Saxophone, clarinet, penny whistle, recorder, guitar, mandolin, violin, bass, ukulele, drums, and several others.

I play in whatever key is best suited for the particular instruments. The piano is probably one of the easiest instruments to play in which ever key you like as all it involves is a slight change in the position and how many "black" keys you use. The guitar on the other hand is relatively difficult to change keys with especially when playing chords. The penny whistle is essentially impossible to change keys with unless you can do some fancy half hole coverings and odd fingerings which is super difficult. The Penny Whistle is one of my favorite instruments to play! My advise is record yourself playing and listen to yourself. That is the best way to teach yourself. Play, record, listen, correct. If you hear yourself do something you like or make it sounder sweeter than normal try and play it that way again while recording until you can always repeat that and the recording sounds the way you want it too. If you do that enough you can get really good at playing. A teacher will show you how to do it right the first time, but with this method you really learn more about the instruments because you have to experiment to get your desired sound. so you may learn both the right and the wrong way to do it so you know the instrument better. The only instrument I was taught was the saxophone and that was through school. Everything else I did the play and record. 
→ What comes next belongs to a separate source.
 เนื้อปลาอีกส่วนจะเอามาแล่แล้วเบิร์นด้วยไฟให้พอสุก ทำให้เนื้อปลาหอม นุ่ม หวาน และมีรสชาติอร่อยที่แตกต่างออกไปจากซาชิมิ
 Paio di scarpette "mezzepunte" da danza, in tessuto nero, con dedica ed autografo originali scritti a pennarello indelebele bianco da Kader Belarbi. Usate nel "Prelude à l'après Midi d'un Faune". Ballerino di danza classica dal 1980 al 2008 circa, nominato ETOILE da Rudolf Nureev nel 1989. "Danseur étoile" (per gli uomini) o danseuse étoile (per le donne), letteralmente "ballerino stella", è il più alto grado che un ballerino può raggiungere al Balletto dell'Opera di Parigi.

best of luck with your playing!


----------



## Amarose (Jul 25, 2011)

@Finntheirish thanks for the reply, for a while there I thought my post was sounding self-centered when it wasn't meant to LOL. I've had the whistle for months now, got inspired by listening to Irish music being played with the instrument (I'm in love with Ireland, despite never having been there), so I decided to get out of the comfort zone that the piano provides and try a wind instrument. I hope I can be good at it some day, it's just not the easiest instrument in the world for me, right now I still make it sound like it's screaming and squealing at times lol, and I can't hit any notes higher than the high D (I know there are higher notes, they're listed in the book lol) without it sounding like a cat whose tail just got stepped on. Thanks for the suggestion about the recording though 

Also, that's impressive the amount of instruments you play, you must be quite talented, and very interested in music.


----------



## Finntheirish (Jun 4, 2012)

@Amarose Actually I am quite dreadful at music. I love it a lot and play all the time. So you could definitely say I am very interested- just not good. In regards to playing high notes its very very hard to explain. you almost have to just "want" to play it higher. Like you have to think it and it will happen. Technically speaking what is happening is more air is going through the instrument for the higher notes. The trick is playing these higher notes at the same volume as the lower notes. so you can't simply blow harder to get higher notes or you play louder. The way I think about which octave you are blwoing in is to put your hand infront of you face and flow. If you blow hot air it will be a lower note and if you blow cold air it will be a higher note. I now it just sounds like I'm blowing hot air here! (pardon the bad joke) I just figured this out now as I was playing and trying to figure out exactly what I was doing different. It sounds like you have the octave break issue solved because you can play up to the high D, the trick is doing it again. Once you go above high D though you are going to sound kind of loud and shrilly. Just try and blow even colder air. I can play to the G above high D but it is not the most pretty note. It is a possible not just not the best. Above the G the notes all sound the same. I am not very good at the penny whistle but I enjoy playing it. 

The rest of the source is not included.